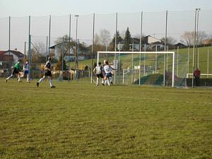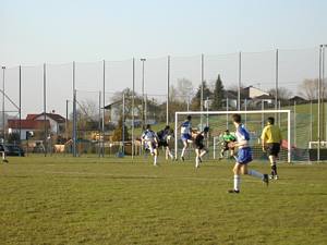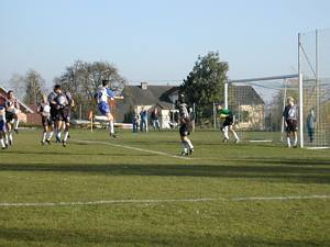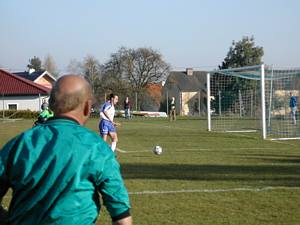 Michi schießt aus der Distanz - der Ball streift das Außennetz. |
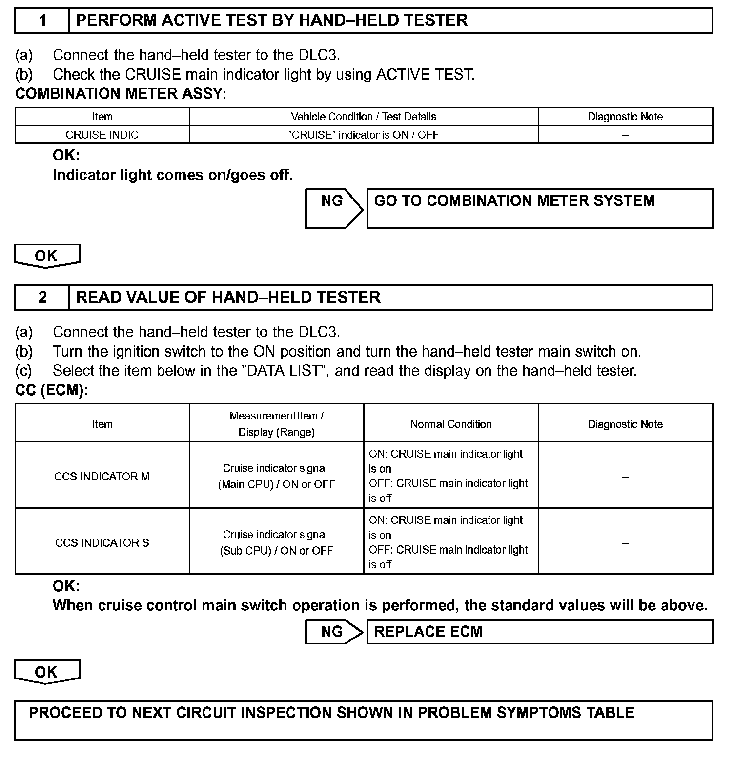- The ECM detects a cruise control switch signal and sends it to the combination meter via BEAN. Then the CRUISE main indicator light comes on.
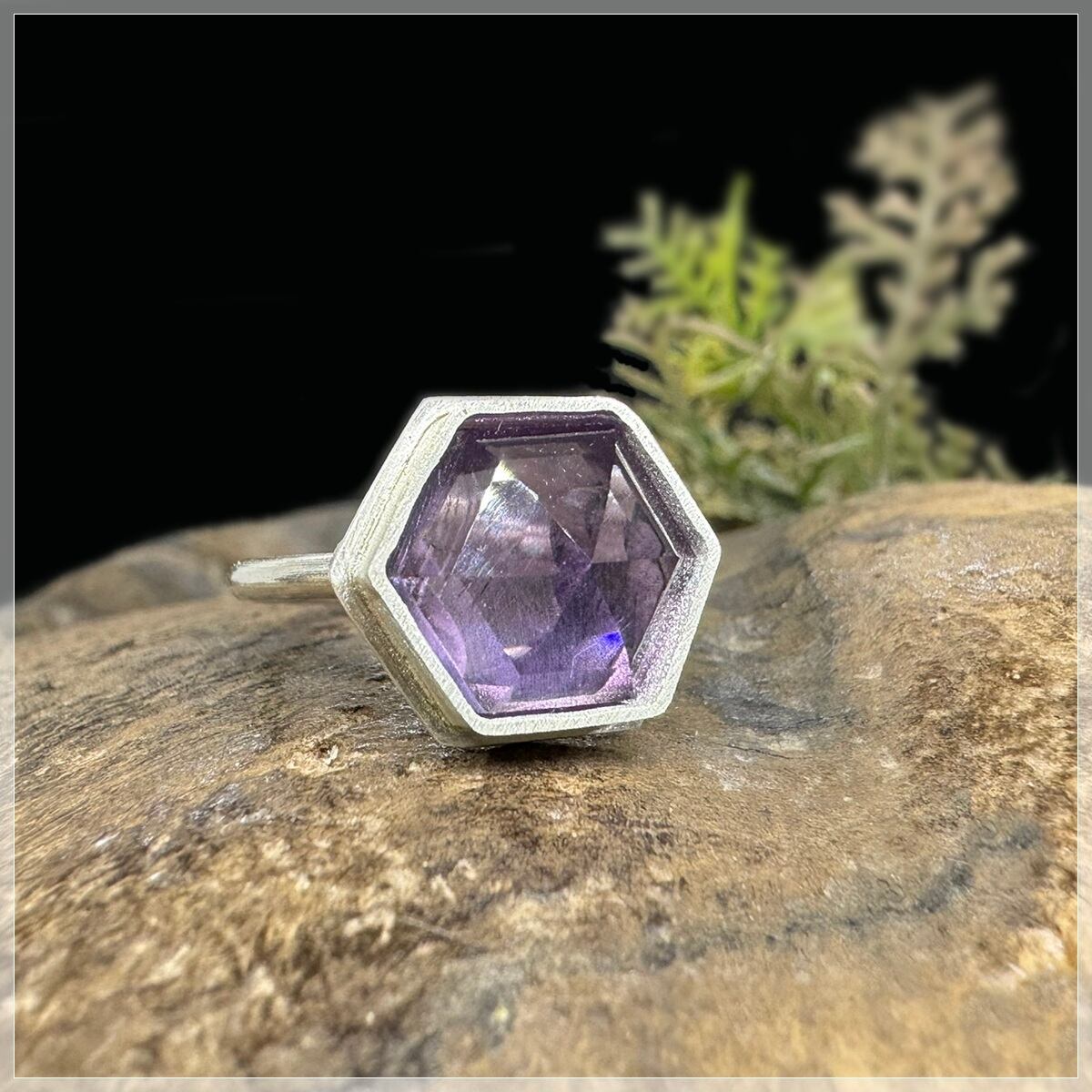 六角形のステップカットのアメジストです。
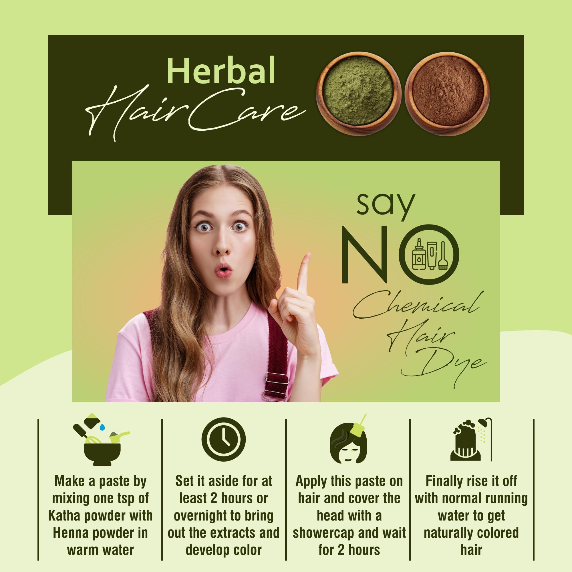 • Katha Powder and Henna Powder for Hair Colour : Henna powder is a popular and natural alternative to chemical-based hair dyes as it naturally dyes the hair to give it a dark color and when Katha powder is mixed with henna powder it gives a darker color to
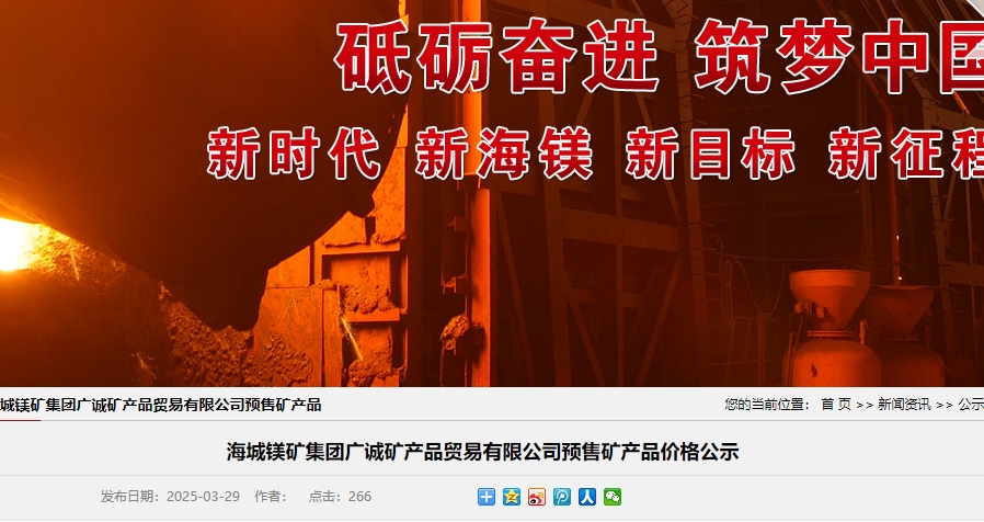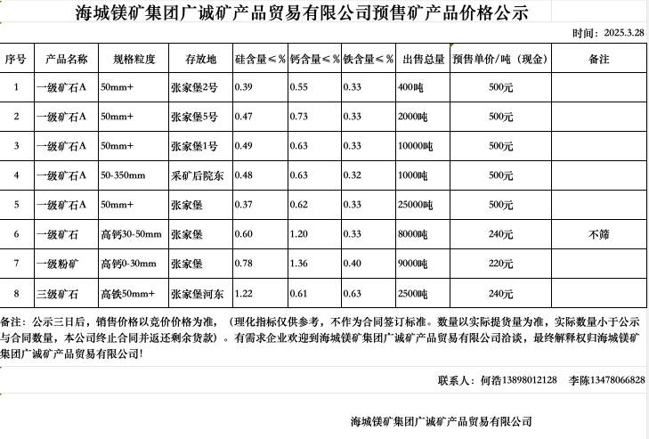 海城鎂礦集團(tuán)廣誠礦產(chǎn)品貿(mào)易有限公司預(yù)售礦產(chǎn)品價格公示
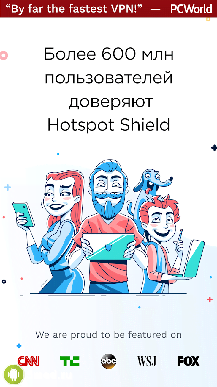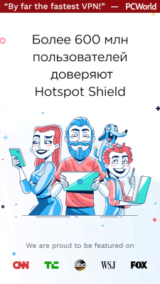 Hotspot Shield Free VPN Proxy & Wi-Fi Security - один самых популярных и востребованных VPN, что существуют на этот момент. Огромное количество пользователей уже не могут представить свою деятельность в интернете без тех возможностей и качеств, что предоставляет проект. Он предлагает доступ к сайтам, что были заблокированы по тем или иным причинам в той или иной стране. А так же анонимность и конфиденциальность, высокую степень безопасности, защиту Wi-Fi соединения, отсутствие какой-либо регистрации и оставления своих данных и многое другое. Достаточно просто установить программу, чтобы избавиться от массы сложностей.
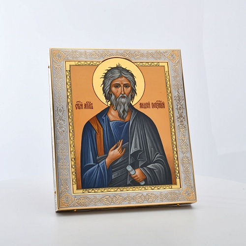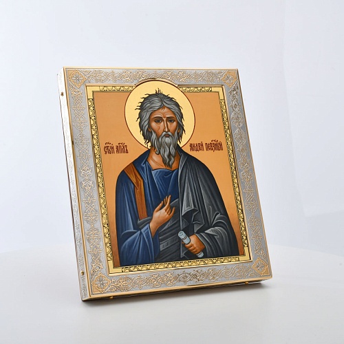 Икона Святого апостола Андрея Первозванного изображает одного из первых учеников Христа — брата апостола Петра. На иконе он часто представлен в образе монаха или воина, держа крест, на котором он был распят. Андрей Первозванный считается покровителем тех, кто ищет правду и истину, а также тех, кто находится в трудной жизненной ситуации.

· · ·

**TASK TO COMPLETE:**
The copy should match the records above exactly, except that pictures are dropped.

**SOLUTION FOR THIS EXERCISE:**
 Michi schießt aus der Distanz - der Ball streift das Außennetz. |
- The ECM detects a cruise control switch signal and sends it to the combination meter via BEAN. Then the CRUISE main indicator light comes on.
 六角形のステップカットのアメジストです。
 • Katha Powder and Henna Powder for Hair Colour : Henna powder is a popular and natural alternative to chemical-based hair dyes as it naturally dyes the hair to give it a dark color and when Katha powder is mixed with henna powder it gives a darker color to
 海城鎂礦集團(tuán)廣誠礦產(chǎn)品貿(mào)易有限公司預(yù)售礦產(chǎn)品價格公示
 Hotspot Shield Free VPN Proxy & Wi-Fi Security - один самых популярных и востребованных VPN, что существуют на этот момент. Огромное количество пользователей уже не могут представить свою деятельность в интернете без тех возможностей и качеств, что предоставляет проект. Он предлагает доступ к сайтам, что были заблокированы по тем или иным причинам в той или иной стране. А так же анонимность и конфиденциальность, высокую степень безопасности, защиту Wi-Fi соединения, отсутствие какой-либо регистрации и оставления своих данных и многое другое. Достаточно просто установить программу, чтобы избавиться от массы сложностей.
 Икона Святого апостола Андрея Первозванного изображает одного из первых учеников Христа — брата апостола Петра. На иконе он часто представлен в образе монаха или воина, держа крест, на котором он был распят. Андрей Первозванный считается покровителем тех, кто ищет правду и истину, а также тех, кто находится в трудной жизненной ситуации.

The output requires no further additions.